**TASK DIRECTIONS:** Would you copy the material below word for word, beginning with its first line and ending with the line that contains "从9月上旬公司宣传人员到三亚"?

**INFORMATION SUPPLIED:**
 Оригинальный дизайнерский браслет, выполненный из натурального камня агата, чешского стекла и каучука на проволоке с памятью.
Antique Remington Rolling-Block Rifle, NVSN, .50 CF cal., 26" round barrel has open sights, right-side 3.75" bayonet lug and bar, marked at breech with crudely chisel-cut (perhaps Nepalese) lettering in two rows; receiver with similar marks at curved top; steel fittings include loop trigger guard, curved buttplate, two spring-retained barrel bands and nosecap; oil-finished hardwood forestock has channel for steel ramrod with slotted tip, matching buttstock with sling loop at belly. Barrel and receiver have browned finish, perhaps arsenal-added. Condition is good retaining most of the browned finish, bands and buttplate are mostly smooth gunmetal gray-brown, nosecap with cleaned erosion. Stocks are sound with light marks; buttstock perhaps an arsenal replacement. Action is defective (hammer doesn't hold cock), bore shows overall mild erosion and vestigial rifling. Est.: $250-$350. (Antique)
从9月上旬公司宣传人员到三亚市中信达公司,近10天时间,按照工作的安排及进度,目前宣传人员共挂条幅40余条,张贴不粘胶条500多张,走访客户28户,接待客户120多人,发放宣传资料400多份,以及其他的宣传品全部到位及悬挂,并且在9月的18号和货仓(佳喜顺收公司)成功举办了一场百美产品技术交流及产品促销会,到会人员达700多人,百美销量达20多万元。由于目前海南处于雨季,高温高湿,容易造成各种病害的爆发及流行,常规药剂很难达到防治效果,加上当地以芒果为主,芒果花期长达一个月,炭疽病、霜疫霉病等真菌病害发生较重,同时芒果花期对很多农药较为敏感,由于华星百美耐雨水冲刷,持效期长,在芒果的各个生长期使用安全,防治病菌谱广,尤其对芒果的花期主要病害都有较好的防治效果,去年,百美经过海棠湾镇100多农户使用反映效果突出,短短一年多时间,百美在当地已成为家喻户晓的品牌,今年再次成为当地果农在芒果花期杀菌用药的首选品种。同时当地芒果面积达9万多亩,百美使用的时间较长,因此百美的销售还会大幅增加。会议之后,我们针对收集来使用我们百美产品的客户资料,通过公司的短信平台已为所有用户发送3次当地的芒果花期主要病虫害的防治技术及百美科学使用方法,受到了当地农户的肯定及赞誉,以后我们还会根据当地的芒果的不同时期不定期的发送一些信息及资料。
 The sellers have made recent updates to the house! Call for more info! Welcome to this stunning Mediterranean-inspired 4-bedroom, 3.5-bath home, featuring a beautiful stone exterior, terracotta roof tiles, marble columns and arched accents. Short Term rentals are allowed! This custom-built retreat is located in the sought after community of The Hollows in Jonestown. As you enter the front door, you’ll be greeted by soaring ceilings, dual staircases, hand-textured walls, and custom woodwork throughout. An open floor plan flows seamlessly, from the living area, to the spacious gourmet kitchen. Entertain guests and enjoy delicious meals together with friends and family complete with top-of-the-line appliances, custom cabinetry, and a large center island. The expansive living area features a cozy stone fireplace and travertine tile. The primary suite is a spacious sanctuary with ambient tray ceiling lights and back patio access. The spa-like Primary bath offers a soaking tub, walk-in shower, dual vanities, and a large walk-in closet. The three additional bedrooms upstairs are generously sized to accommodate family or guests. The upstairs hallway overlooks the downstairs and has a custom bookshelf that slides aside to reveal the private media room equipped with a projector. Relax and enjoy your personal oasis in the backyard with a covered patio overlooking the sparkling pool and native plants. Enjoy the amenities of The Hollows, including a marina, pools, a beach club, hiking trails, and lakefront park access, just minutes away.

**WRITTEN SOLUTION:**
 Оригинальный дизайнерский браслет, выполненный из натурального камня агата, чешского стекла и каучука на проволоке с памятью.
Antique Remington Rolling-Block Rifle, NVSN, .50 CF cal., 26" round barrel has open sights, right-side 3.75" bayonet lug and bar, marked at breech with crudely chisel-cut (perhaps Nepalese) lettering in two rows; receiver with similar marks at curved top; steel fittings include loop trigger guard, curved buttplate, two spring-retained barrel bands and nosecap; oil-finished hardwood forestock has channel for steel ramrod with slotted tip, matching buttstock with sling loop at belly. Barrel and receiver have browned finish, perhaps arsenal-added. Condition is good retaining most of the browned finish, bands and buttplate are mostly smooth gunmetal gray-brown, nosecap with cleaned erosion. Stocks are sound with light marks; buttstock perhaps an arsenal replacement. Action is defective (hammer doesn't hold cock), bore shows overall mild erosion and vestigial rifling. Est.: $250-$350. (Antique)
从9月上旬公司宣传人员到三亚市中信达公司,近10天时间,按照工作的安排及进度,目前宣传人员共挂条幅40余条,张贴不粘胶条500多张,走访客户28户,接待客户120多人,发放宣传资料400多份,以及其他的宣传品全部到位及悬挂,并且在9月的18号和货仓(佳喜顺收公司)成功举办了一场百美产品技术交流及产品促销会,到会人员达700多人,百美销量达20多万元。由于目前海南处于雨季,高温高湿,容易造成各种病害的爆发及流行,常规药剂很难达到防治效果,加上当地以芒果为主,芒果花期长达一个月,炭疽病、霜疫霉病等真菌病害发生较重,同时芒果花期对很多农药较为敏感,由于华星百美耐雨水冲刷,持效期长,在芒果的各个生长期使用安全,防治病菌谱广,尤其对芒果的花期主要病害都有较好的防治效果,去年,百美经过海棠湾镇100多农户使用反映效果突出,短短一年多时间,百美在当地已成为家喻户晓的品牌,今年再次成为当地果农在芒果花期杀菌用药的首选品种。同时当地芒果面积达9万多亩,百美使用的时间较长,因此百美的销售还会大幅增加。会议之后,我们针对收集来使用我们百美产品的客户资料,通过公司的短信平台已为所有用户发送3次当地的芒果花期主要病虫害的防治技术及百美科学使用方法,受到了当地农户的肯定及赞誉,以后我们还会根据当地的芒果的不同时期不定期的发送一些信息及资料。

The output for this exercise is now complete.